10 March 17 - 15 April 17

Mai 36 Galerie is delighted to present the first exhibition of Christian Lindow and to announce the representation of the Estate of Christian Lindow. Fabrice Stroun was invited to curate the exhibition.

To exhibit Christian Lindow’s work today, more than a quarter of a century after his passing away at the age of 45, compels us to reconsider the aesthetic categories with which we have framed the 1980s. Born in AltenburgThüringen in East Germany, Lindow settled in Bern at the end of the 1960s. After exhibiting geometric sculptures and conceptual photographs, he began to paint in an illustrative style.

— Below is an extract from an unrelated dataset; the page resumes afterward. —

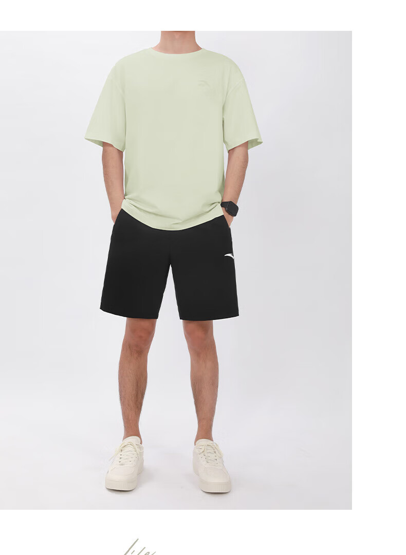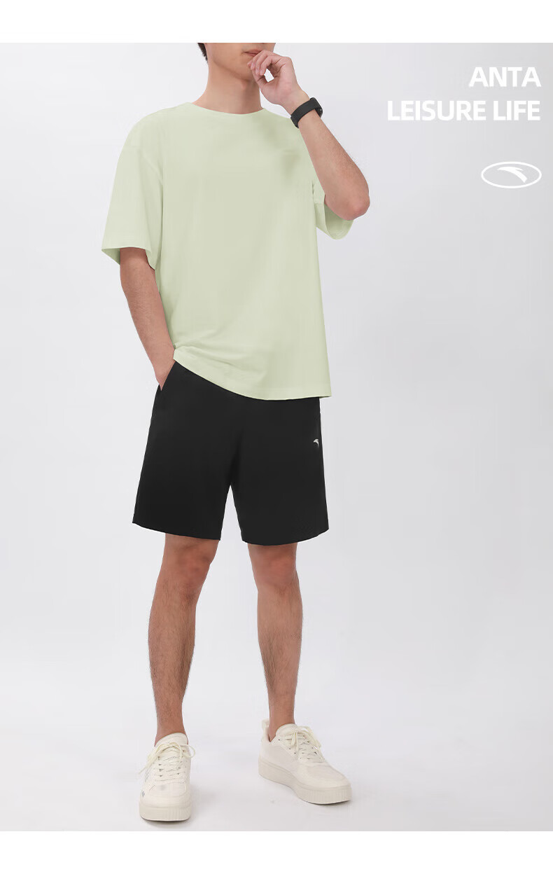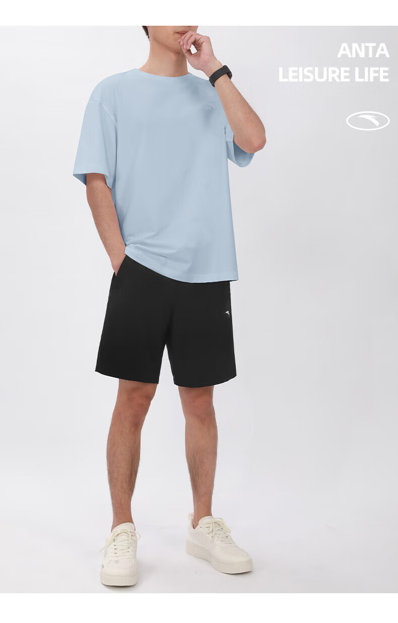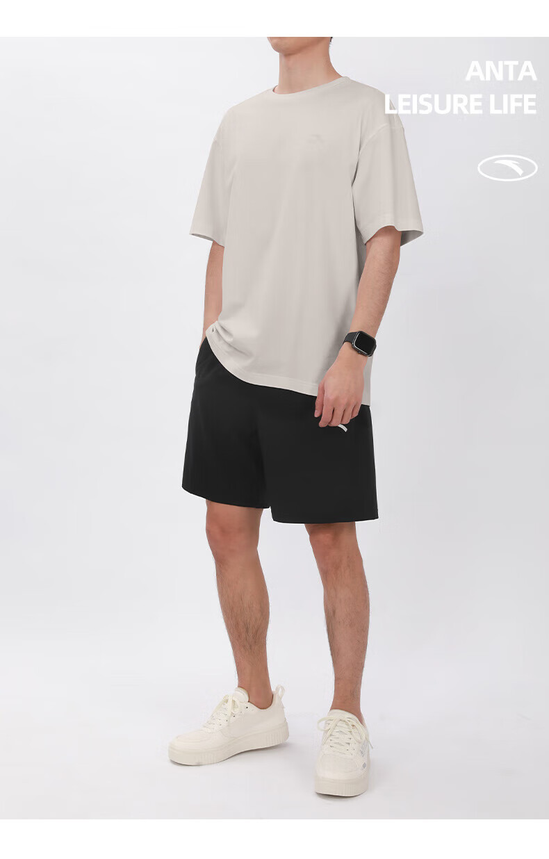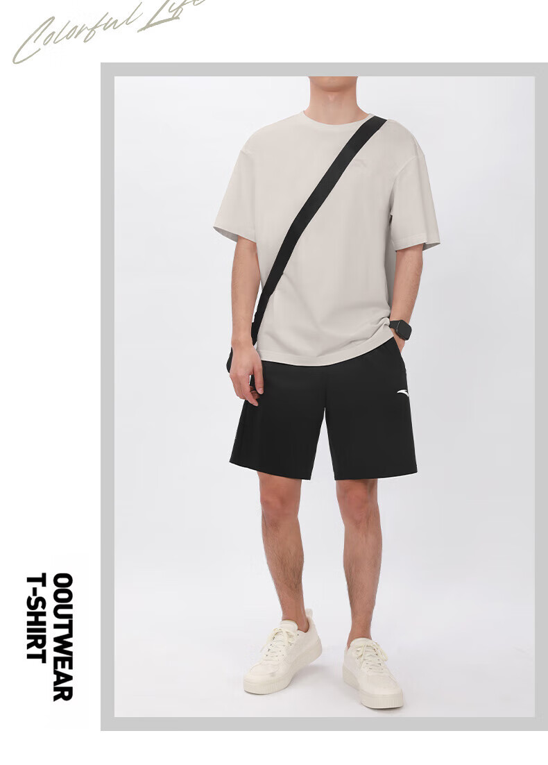 安踏休闲运动套装男夏季新款纯棉短袖T恤短裤宽松运动服青少年两件套 【套装】-1纯净白 L/175

Before long, his paint thickened, became more gestural, and his motifs became indistinguishable from brisk, broad brushstrokes that characterize the overall architecture of his paintings. While the artist’s output from 1977 onward seems to fall squarely within the thendominant currents of Germanic Neo-Expressionism, Lindow’s paintings sever the association we have come to take for granted between, on the one hand, the discernible intensity and speed of their execution and, on the other, the expression of the artist’s subjectivity.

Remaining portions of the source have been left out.